Stored dataset items

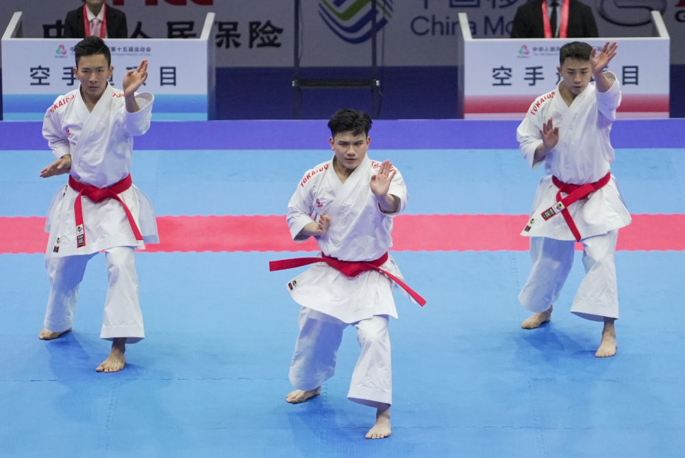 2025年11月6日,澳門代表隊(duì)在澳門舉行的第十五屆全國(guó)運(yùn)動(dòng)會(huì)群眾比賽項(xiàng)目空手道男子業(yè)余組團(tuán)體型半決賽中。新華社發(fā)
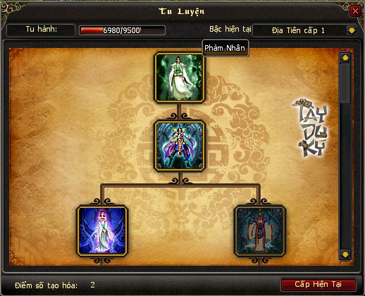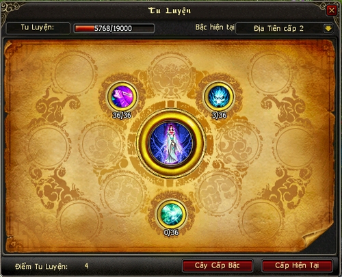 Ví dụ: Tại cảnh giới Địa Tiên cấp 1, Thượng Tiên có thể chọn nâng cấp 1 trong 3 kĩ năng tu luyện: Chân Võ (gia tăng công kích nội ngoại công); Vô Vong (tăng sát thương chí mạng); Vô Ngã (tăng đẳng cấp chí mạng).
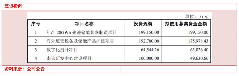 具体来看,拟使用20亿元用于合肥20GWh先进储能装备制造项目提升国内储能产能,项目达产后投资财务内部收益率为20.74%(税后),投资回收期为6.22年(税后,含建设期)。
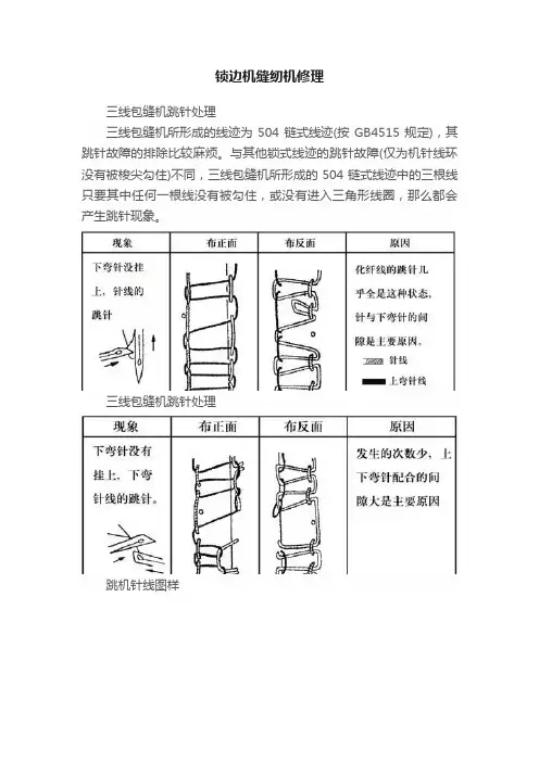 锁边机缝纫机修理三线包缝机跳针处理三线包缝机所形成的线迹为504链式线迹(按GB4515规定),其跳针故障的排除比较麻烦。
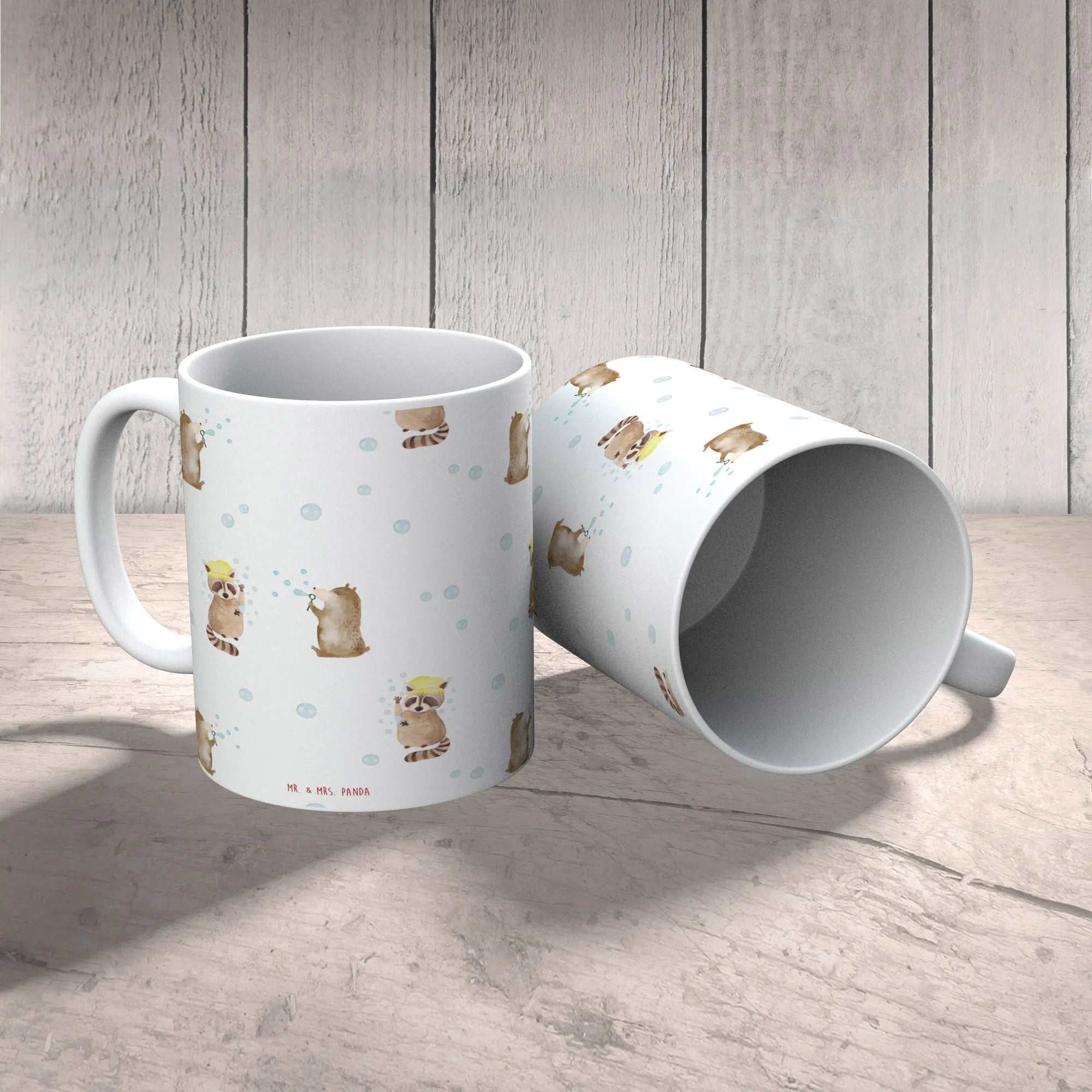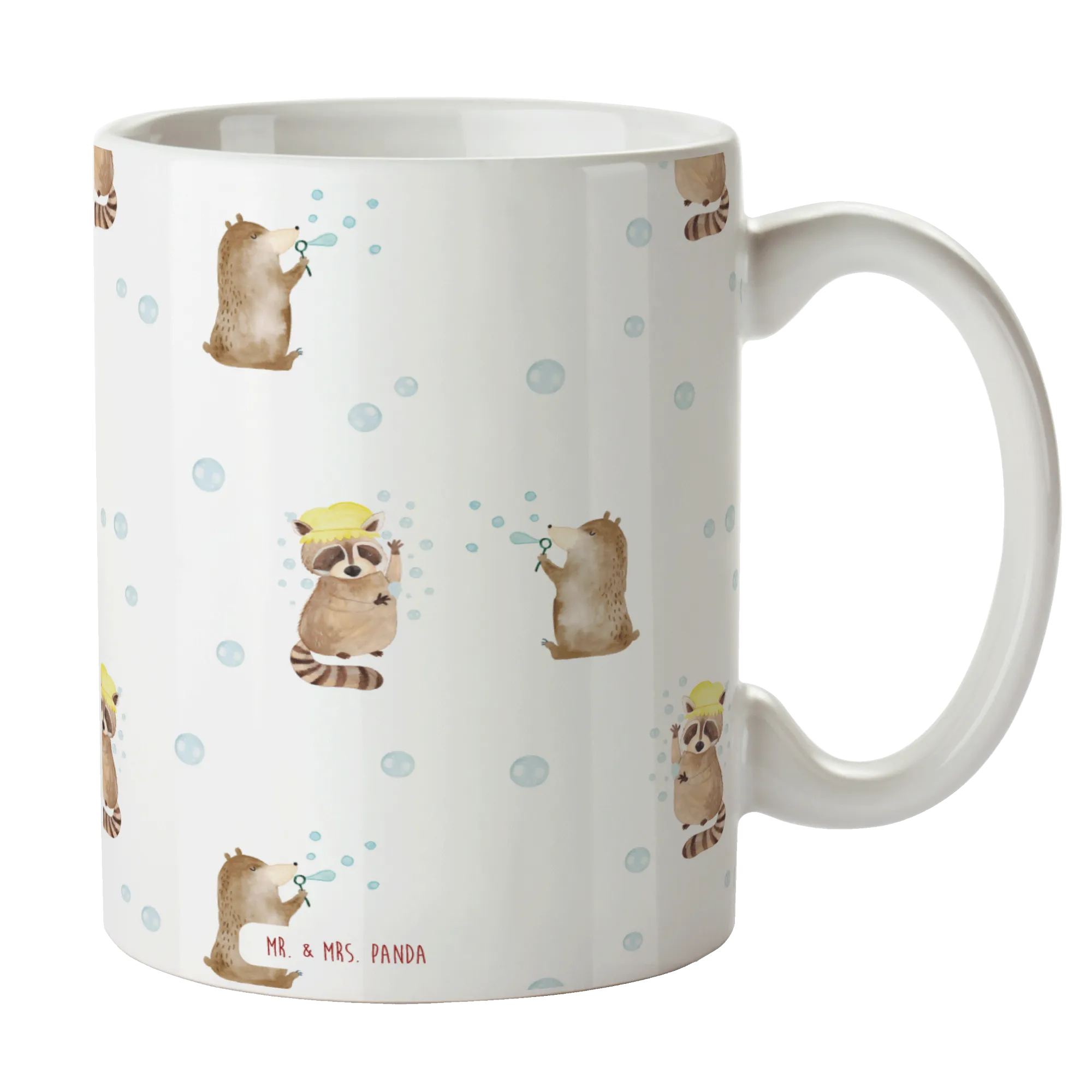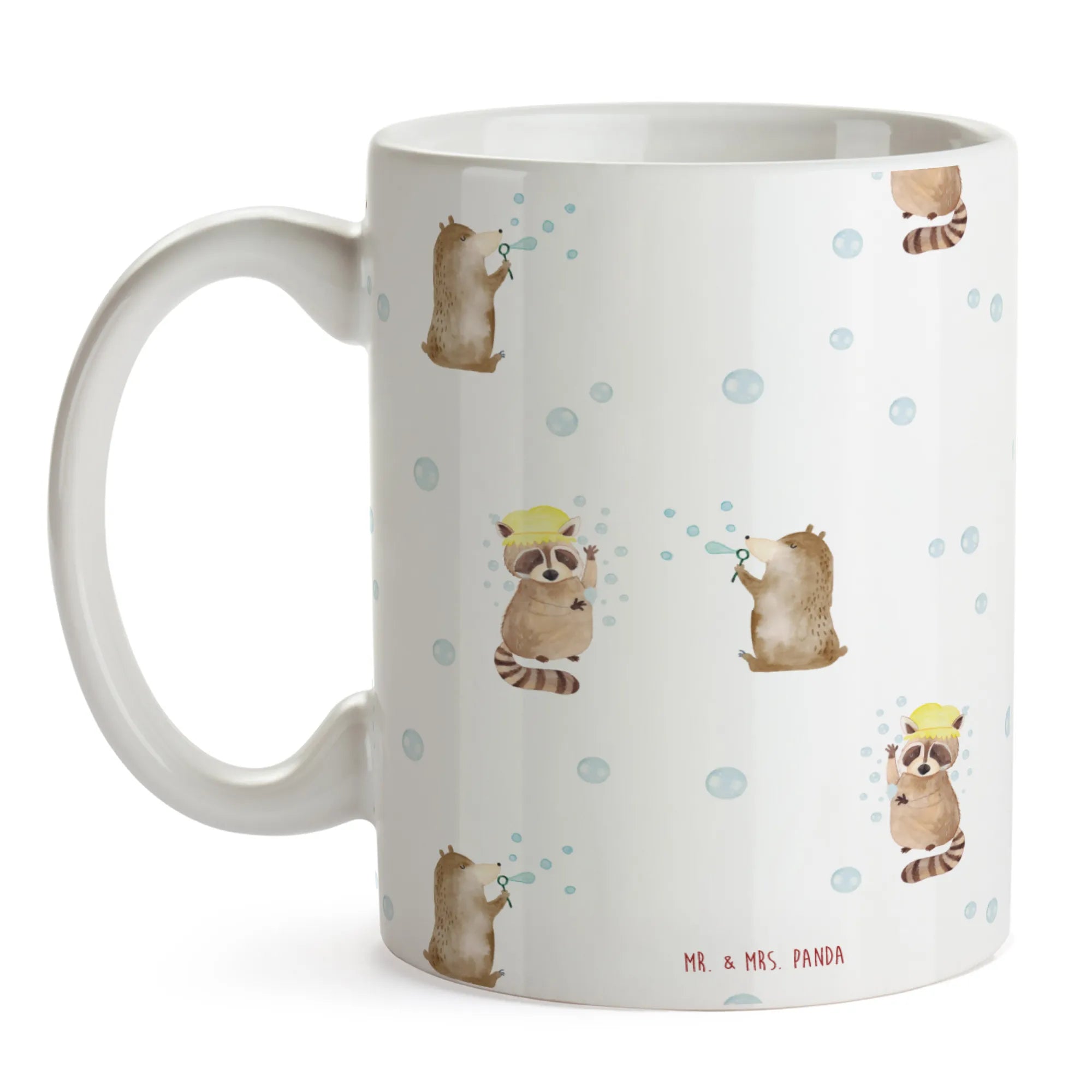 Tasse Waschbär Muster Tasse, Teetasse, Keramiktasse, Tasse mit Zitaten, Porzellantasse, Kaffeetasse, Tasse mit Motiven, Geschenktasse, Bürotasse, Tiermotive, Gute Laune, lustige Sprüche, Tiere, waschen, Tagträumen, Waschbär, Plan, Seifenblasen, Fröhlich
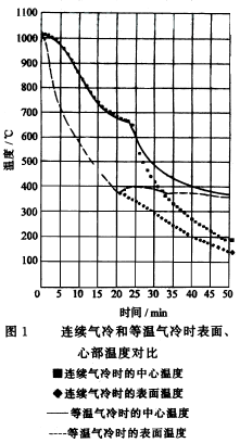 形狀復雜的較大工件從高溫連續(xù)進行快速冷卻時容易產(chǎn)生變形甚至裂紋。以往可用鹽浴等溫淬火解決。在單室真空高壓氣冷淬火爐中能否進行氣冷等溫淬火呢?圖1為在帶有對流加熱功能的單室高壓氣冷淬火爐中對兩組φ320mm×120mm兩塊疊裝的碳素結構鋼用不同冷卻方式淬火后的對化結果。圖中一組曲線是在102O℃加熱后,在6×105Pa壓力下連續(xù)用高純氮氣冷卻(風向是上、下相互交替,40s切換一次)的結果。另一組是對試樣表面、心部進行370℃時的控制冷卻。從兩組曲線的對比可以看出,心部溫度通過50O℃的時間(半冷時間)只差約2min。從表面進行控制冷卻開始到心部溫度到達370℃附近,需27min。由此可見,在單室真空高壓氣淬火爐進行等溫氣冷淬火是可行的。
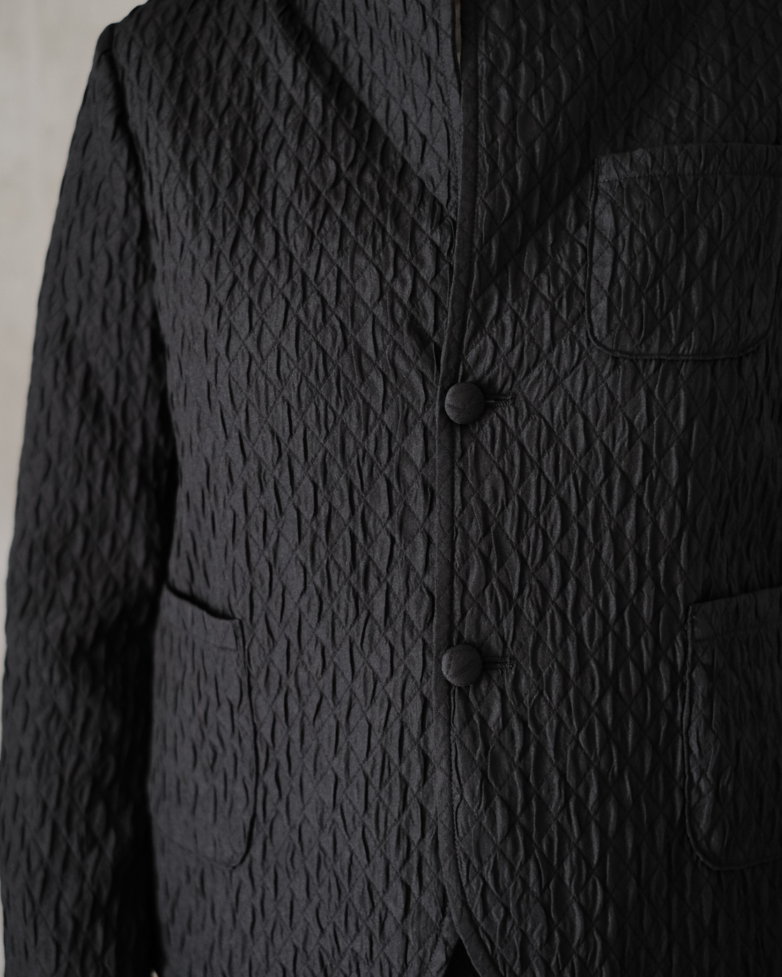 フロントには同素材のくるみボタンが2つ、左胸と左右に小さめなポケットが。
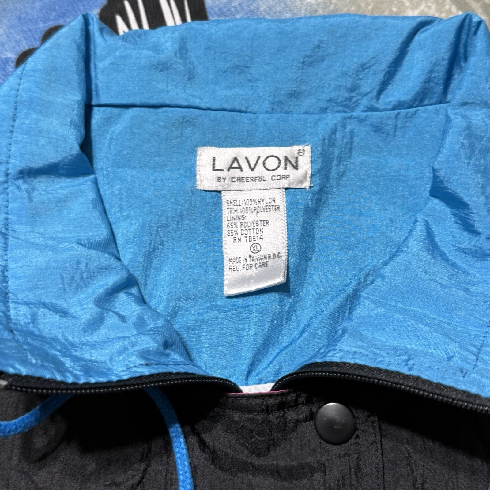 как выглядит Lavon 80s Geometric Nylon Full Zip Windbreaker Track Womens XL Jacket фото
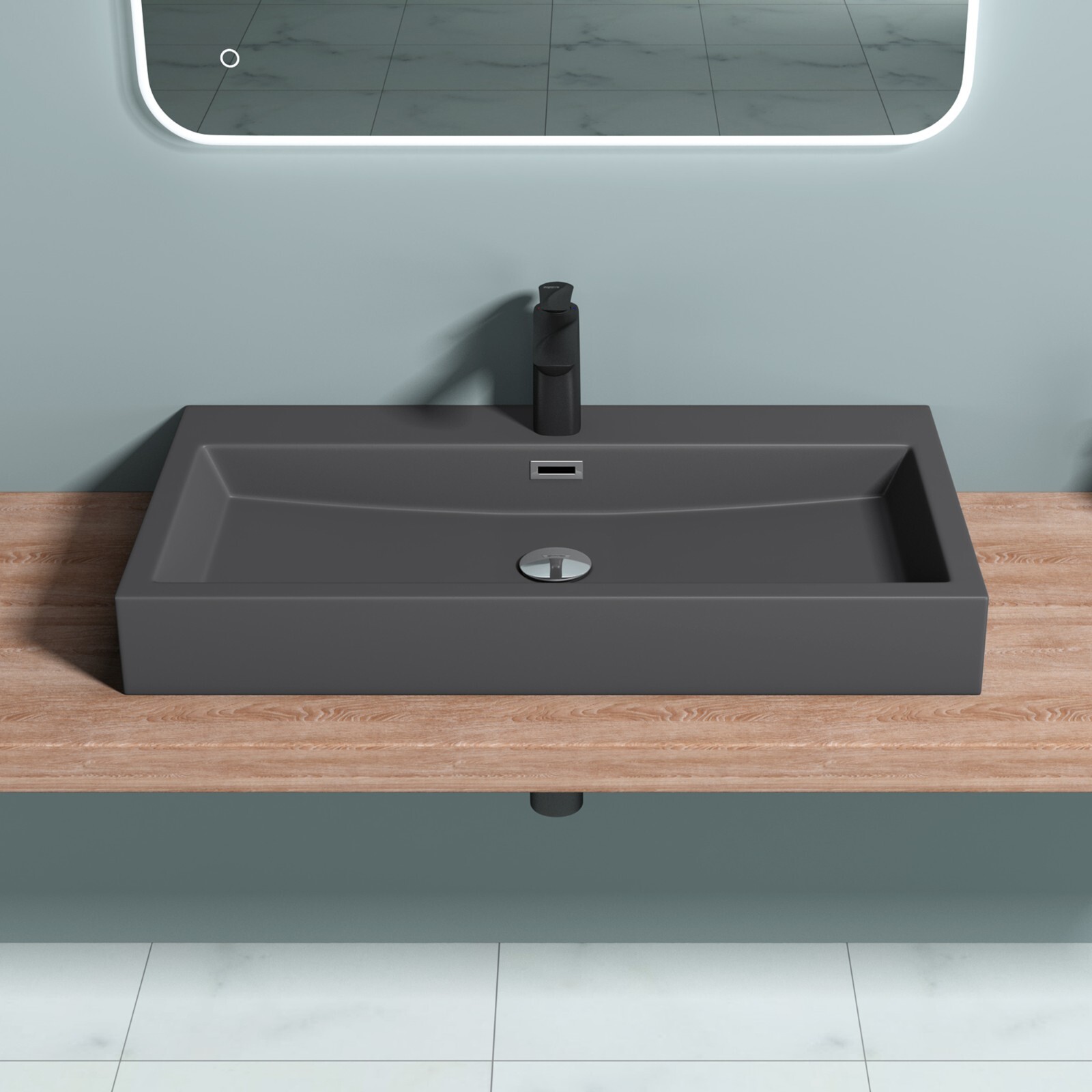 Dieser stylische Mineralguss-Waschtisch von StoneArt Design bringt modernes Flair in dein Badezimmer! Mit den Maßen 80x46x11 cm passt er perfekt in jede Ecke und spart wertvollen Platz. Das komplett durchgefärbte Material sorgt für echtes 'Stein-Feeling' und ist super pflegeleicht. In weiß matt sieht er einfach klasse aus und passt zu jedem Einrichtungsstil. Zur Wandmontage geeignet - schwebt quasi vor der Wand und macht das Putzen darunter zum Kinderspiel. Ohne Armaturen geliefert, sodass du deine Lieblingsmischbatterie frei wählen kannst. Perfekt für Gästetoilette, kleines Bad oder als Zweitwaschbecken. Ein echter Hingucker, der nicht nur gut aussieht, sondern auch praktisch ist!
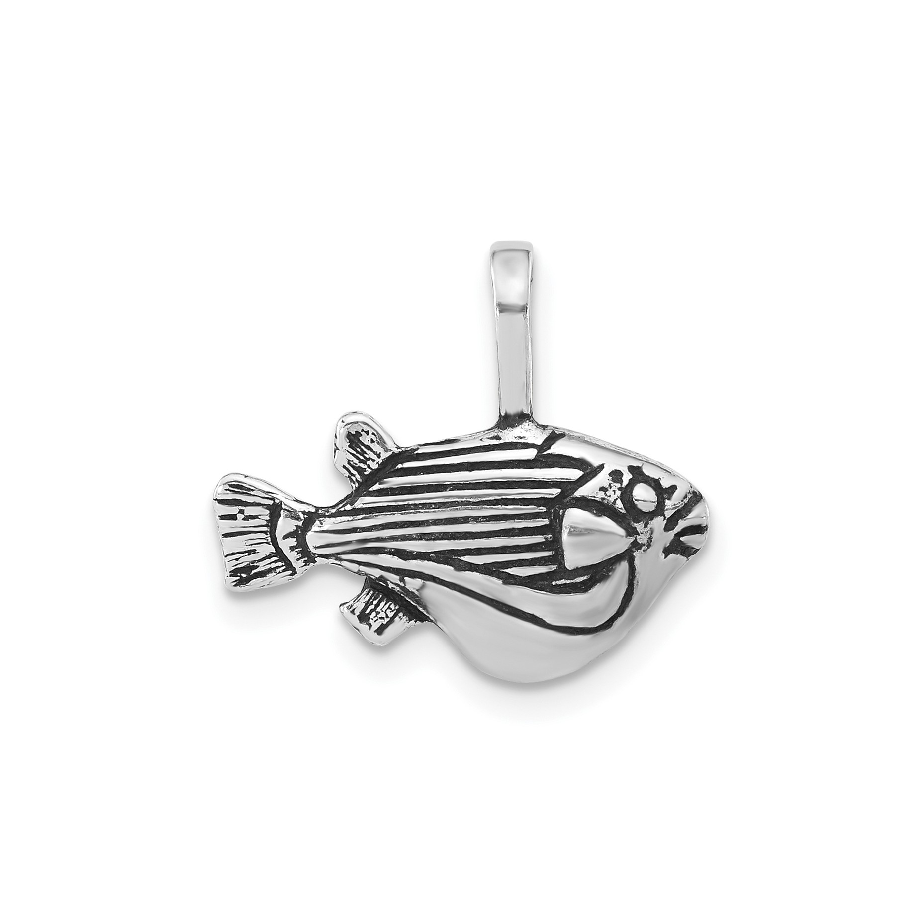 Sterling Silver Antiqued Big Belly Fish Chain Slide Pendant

Directions for this task
The answer must be an exact restatement of all the records, with no pictures included.

Solution
 2025年11月6日,澳門代表隊(duì)在澳門舉行的第十五屆全國(guó)運(yùn)動(dòng)會(huì)群眾比賽項(xiàng)目空手道男子業(yè)余組團(tuán)體型半決賽中。新華社發(fā)
 Ví dụ: Tại cảnh giới Địa Tiên cấp 1, Thượng Tiên có thể chọn nâng cấp 1 trong 3 kĩ năng tu luyện: Chân Võ (gia tăng công kích nội ngoại công); Vô Vong (tăng sát thương chí mạng); Vô Ngã (tăng đẳng cấp chí mạng).
 具体来看,拟使用20亿元用于合肥20GWh先进储能装备制造项目提升国内储能产能,项目达产后投资财务内部收益率为20.74%(税后),投资回收期为6.22年(税后,含建设期)。
 锁边机缝纫机修理三线包缝机跳针处理三线包缝机所形成的线迹为504链式线迹(按GB4515规定),其跳针故障的排除比较麻烦。
 Tasse Waschbär Muster Tasse, Teetasse, Keramiktasse, Tasse mit Zitaten, Porzellantasse, Kaffeetasse, Tasse mit Motiven, Geschenktasse, Bürotasse, Tiermotive, Gute Laune, lustige Sprüche, Tiere, waschen, Tagträumen, Waschbär, Plan, Seifenblasen, Fröhlich
 形狀復雜的較大工件從高溫連續(xù)進行快速冷卻時容易產(chǎn)生變形甚至裂紋。以往可用鹽浴等溫淬火解決。在單室真空高壓氣冷淬火爐中能否進行氣冷等溫淬火呢?圖1為在帶有對流加熱功能的單室高壓氣冷淬火爐中對兩組φ320mm×120mm兩塊疊裝的碳素結構鋼用不同冷卻方式淬火后的對化結果。圖中一組曲線是在102O℃加熱后,在6×105Pa壓力下連續(xù)用高純氮氣冷卻(風向是上、下相互交替,40s切換一次)的結果。另一組是對試樣表面、心部進行370℃時的控制冷卻。從兩組曲線的對比可以看出,心部溫度通過50O℃的時間(半冷時間)只差約2min。從表面進行控制冷卻開始到心部溫度到達370℃附近,需27min。由此可見,在單室真空高壓氣淬火爐進行等溫氣冷淬火是可行的。
 フロントには同素材のくるみボタンが2つ、左胸と左右に小さめなポケットが。
 как выглядит Lavon 80s Geometric Nylon Full Zip Windbreaker Track Womens XL Jacket фото
 Dieser stylische Mineralguss-Waschtisch von StoneArt Design bringt modernes Flair in dein Badezimmer! Mit den Maßen 80x46x11 cm passt er perfekt in jede Ecke und spart wertvollen Platz. Das komplett durchgefärbte Material sorgt für echtes 'Stein-Feeling' und ist super pflegeleicht. In weiß matt sieht er einfach klasse aus und passt zu jedem Einrichtungsstil. Zur Wandmontage geeignet - schwebt quasi vor der Wand und macht das Putzen darunter zum Kinderspiel. Ohne Armaturen geliefert, sodass du deine Lieblingsmischbatterie frei wählen kannst. Perfekt für Gästetoilette, kleines Bad oder als Zweitwaschbecken. Ein echter Hingucker, der nicht nur gut aussieht, sondern auch praktisch ist!
 Sterling Silver Antiqued Big Belly Fish Chain Slide Pendant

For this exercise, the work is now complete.